▶ [TASK GOAL]
Set down exactly the lines of the records from the top to the line containing "船長はお客様の口に入る魚を扱"; include both.

▶ [DATASET EXCERPTS]

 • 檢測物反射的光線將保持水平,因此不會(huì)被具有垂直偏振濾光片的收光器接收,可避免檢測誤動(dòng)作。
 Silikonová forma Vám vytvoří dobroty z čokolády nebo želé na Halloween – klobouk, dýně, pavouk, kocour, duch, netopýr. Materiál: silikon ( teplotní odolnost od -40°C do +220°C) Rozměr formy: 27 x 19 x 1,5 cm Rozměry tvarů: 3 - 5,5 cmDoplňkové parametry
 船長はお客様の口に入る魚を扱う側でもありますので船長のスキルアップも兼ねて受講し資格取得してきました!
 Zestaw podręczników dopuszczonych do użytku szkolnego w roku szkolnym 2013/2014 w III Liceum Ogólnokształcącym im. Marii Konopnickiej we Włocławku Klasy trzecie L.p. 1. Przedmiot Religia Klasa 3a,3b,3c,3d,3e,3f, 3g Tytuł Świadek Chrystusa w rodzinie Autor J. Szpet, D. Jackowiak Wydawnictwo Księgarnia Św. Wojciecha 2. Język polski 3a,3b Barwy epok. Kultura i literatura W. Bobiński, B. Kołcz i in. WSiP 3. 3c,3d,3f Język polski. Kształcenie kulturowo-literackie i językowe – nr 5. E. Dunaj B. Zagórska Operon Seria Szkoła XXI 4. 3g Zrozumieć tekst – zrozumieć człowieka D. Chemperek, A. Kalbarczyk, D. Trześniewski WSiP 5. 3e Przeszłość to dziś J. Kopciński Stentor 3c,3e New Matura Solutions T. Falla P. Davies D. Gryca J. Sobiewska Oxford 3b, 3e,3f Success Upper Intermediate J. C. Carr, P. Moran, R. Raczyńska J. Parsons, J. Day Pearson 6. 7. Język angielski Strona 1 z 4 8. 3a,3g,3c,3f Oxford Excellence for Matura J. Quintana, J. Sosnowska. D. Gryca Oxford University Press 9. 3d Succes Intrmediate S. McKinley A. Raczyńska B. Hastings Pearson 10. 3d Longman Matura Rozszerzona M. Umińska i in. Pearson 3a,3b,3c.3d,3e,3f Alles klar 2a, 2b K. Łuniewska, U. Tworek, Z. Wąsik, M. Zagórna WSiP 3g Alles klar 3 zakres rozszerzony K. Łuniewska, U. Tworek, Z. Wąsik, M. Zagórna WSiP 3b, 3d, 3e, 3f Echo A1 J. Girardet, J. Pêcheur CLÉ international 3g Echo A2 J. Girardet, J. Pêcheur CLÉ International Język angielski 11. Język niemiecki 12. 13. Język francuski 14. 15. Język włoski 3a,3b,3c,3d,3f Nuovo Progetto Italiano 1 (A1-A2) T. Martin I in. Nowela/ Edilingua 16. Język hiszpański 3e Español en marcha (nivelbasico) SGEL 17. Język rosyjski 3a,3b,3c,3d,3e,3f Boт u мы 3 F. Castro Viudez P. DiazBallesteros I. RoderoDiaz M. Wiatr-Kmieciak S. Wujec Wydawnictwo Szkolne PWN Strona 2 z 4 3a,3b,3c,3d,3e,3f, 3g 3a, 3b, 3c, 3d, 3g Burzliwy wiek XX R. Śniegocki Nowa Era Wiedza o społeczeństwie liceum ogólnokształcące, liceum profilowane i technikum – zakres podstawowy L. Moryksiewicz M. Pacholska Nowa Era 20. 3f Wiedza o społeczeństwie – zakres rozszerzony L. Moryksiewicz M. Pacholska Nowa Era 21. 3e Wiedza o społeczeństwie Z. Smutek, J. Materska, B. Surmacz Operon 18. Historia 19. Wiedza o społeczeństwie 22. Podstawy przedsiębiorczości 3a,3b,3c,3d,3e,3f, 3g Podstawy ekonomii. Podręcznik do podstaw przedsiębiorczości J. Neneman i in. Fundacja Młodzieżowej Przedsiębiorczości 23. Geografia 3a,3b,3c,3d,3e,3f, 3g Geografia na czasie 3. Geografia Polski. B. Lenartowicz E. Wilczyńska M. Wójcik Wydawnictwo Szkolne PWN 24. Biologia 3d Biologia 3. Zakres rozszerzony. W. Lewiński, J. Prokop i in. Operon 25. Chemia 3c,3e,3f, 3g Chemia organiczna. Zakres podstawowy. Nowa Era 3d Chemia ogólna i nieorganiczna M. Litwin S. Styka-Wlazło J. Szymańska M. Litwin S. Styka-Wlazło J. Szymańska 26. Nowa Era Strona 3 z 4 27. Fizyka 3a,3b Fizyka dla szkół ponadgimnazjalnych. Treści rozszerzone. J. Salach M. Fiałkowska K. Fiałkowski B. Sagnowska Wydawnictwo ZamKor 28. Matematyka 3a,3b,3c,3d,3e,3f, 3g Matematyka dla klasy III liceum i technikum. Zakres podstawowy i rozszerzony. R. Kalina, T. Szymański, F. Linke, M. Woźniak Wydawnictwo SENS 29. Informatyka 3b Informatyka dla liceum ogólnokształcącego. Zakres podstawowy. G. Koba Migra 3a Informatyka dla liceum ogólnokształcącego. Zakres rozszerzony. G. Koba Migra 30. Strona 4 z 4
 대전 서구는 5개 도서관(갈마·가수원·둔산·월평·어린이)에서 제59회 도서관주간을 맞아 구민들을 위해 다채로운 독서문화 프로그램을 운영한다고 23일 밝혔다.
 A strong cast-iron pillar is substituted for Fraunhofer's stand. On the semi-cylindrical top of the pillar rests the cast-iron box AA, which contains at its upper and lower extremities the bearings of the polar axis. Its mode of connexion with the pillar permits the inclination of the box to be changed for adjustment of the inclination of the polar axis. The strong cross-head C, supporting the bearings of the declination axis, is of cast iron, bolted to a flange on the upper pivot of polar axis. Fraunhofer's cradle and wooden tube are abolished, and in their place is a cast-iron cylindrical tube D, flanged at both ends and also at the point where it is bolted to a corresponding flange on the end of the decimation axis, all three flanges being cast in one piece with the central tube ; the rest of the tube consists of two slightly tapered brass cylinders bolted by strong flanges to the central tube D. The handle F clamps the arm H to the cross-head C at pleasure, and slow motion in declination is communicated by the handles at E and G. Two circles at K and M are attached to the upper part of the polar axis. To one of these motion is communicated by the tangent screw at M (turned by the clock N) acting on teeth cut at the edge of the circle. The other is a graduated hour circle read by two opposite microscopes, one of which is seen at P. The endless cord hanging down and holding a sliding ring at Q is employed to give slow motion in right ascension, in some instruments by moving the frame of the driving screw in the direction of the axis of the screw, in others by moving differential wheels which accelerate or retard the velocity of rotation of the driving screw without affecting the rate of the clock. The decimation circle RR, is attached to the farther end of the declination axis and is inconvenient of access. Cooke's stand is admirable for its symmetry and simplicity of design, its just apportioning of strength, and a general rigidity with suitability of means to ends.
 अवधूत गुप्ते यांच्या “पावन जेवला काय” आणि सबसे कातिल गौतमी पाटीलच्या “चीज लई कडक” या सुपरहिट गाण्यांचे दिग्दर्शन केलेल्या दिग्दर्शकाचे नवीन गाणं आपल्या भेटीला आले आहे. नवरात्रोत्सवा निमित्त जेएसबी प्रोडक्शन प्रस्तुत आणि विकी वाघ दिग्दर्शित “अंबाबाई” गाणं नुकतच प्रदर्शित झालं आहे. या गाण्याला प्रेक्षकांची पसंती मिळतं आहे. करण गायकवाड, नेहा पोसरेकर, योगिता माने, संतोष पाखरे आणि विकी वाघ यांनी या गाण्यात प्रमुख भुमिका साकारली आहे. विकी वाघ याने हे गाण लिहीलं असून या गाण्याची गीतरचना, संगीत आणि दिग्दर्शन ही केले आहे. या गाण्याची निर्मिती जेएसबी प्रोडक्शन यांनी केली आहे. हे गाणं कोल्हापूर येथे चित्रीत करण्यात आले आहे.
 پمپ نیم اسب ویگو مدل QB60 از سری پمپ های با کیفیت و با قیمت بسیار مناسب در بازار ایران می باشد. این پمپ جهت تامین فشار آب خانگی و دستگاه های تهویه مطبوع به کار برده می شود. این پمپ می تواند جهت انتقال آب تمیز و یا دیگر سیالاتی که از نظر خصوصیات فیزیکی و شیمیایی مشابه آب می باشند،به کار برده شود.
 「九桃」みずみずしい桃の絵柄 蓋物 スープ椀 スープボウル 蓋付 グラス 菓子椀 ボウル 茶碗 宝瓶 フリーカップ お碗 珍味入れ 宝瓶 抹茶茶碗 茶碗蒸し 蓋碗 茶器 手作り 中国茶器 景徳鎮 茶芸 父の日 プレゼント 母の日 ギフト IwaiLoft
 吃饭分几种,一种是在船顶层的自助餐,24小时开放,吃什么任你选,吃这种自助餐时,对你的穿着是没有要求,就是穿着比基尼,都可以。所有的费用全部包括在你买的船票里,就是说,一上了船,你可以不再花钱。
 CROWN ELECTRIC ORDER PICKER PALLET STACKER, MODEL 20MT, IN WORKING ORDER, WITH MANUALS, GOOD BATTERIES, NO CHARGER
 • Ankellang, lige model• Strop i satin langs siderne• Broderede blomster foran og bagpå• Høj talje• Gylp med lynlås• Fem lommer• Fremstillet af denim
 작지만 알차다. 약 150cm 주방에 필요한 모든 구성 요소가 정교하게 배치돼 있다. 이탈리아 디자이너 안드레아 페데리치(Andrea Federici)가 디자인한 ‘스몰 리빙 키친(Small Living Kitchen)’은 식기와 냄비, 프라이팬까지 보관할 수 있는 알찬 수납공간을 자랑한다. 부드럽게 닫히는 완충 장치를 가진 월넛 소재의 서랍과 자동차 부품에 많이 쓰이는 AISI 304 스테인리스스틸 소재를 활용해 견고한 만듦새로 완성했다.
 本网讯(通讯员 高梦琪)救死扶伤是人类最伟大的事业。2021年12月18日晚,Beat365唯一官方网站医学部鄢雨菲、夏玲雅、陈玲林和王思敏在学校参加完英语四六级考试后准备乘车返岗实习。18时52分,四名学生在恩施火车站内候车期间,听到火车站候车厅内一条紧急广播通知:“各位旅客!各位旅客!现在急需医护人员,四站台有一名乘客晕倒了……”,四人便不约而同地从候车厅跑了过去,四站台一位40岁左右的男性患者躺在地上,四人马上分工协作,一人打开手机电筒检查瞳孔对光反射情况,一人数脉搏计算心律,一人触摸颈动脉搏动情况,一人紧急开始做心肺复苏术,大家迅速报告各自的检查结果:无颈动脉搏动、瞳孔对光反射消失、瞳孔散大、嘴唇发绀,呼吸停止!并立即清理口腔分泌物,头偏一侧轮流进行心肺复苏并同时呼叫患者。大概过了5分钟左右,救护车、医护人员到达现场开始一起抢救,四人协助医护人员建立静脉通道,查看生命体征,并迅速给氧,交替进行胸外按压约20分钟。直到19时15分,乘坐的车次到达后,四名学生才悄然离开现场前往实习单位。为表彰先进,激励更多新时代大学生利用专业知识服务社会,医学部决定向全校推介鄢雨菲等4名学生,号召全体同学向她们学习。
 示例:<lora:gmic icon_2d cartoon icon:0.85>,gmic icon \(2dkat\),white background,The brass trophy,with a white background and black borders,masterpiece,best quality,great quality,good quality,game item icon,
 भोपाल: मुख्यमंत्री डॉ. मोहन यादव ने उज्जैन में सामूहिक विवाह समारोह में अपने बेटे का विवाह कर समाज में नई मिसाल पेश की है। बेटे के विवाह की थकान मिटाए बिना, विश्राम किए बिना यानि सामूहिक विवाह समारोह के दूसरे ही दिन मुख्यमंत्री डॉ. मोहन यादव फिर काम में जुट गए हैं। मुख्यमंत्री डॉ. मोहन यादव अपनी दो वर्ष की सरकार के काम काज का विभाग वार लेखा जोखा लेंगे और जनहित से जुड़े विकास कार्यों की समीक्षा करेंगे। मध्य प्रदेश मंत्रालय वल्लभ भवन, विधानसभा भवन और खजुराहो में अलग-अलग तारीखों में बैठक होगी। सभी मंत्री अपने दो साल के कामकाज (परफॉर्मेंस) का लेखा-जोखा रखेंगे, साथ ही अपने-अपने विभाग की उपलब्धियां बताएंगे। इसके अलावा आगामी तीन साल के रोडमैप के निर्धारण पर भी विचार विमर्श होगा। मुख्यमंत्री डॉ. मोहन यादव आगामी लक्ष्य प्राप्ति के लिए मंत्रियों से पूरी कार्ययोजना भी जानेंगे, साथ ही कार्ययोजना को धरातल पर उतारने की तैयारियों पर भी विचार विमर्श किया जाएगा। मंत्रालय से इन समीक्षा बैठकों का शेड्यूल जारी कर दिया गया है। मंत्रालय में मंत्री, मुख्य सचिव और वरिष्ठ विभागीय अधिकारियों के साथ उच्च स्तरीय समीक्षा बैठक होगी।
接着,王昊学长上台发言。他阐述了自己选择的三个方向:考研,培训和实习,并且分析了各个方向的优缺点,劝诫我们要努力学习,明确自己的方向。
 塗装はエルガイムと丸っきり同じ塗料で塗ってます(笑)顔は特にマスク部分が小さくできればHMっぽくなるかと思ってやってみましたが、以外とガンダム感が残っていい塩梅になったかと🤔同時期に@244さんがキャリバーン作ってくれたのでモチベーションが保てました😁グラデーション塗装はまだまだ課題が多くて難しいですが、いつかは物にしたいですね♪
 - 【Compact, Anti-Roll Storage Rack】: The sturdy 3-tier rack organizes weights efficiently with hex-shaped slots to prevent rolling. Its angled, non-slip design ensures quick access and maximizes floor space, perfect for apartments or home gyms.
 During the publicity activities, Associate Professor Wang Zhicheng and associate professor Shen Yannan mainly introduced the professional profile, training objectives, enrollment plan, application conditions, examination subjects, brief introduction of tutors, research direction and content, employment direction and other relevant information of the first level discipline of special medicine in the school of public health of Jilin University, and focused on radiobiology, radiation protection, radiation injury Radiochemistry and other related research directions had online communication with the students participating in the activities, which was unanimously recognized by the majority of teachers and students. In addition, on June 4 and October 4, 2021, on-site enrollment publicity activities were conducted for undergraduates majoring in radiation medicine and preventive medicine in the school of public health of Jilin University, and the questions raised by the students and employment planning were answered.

▶ [SOLUTION TO THE EXERCISE]
 • 檢測物反射的光線將保持水平,因此不會(huì)被具有垂直偏振濾光片的收光器接收,可避免檢測誤動(dòng)作。
 Silikonová forma Vám vytvoří dobroty z čokolády nebo želé na Halloween – klobouk, dýně, pavouk, kocour, duch, netopýr. Materiál: silikon ( teplotní odolnost od -40°C do +220°C) Rozměr formy: 27 x 19 x 1,5 cm Rozměry tvarů: 3 - 5,5 cmDoplňkové parametry
 船長はお客様の口に入る魚を扱う側でもありますので船長のスキルアップも兼ねて受講し資格取得してきました!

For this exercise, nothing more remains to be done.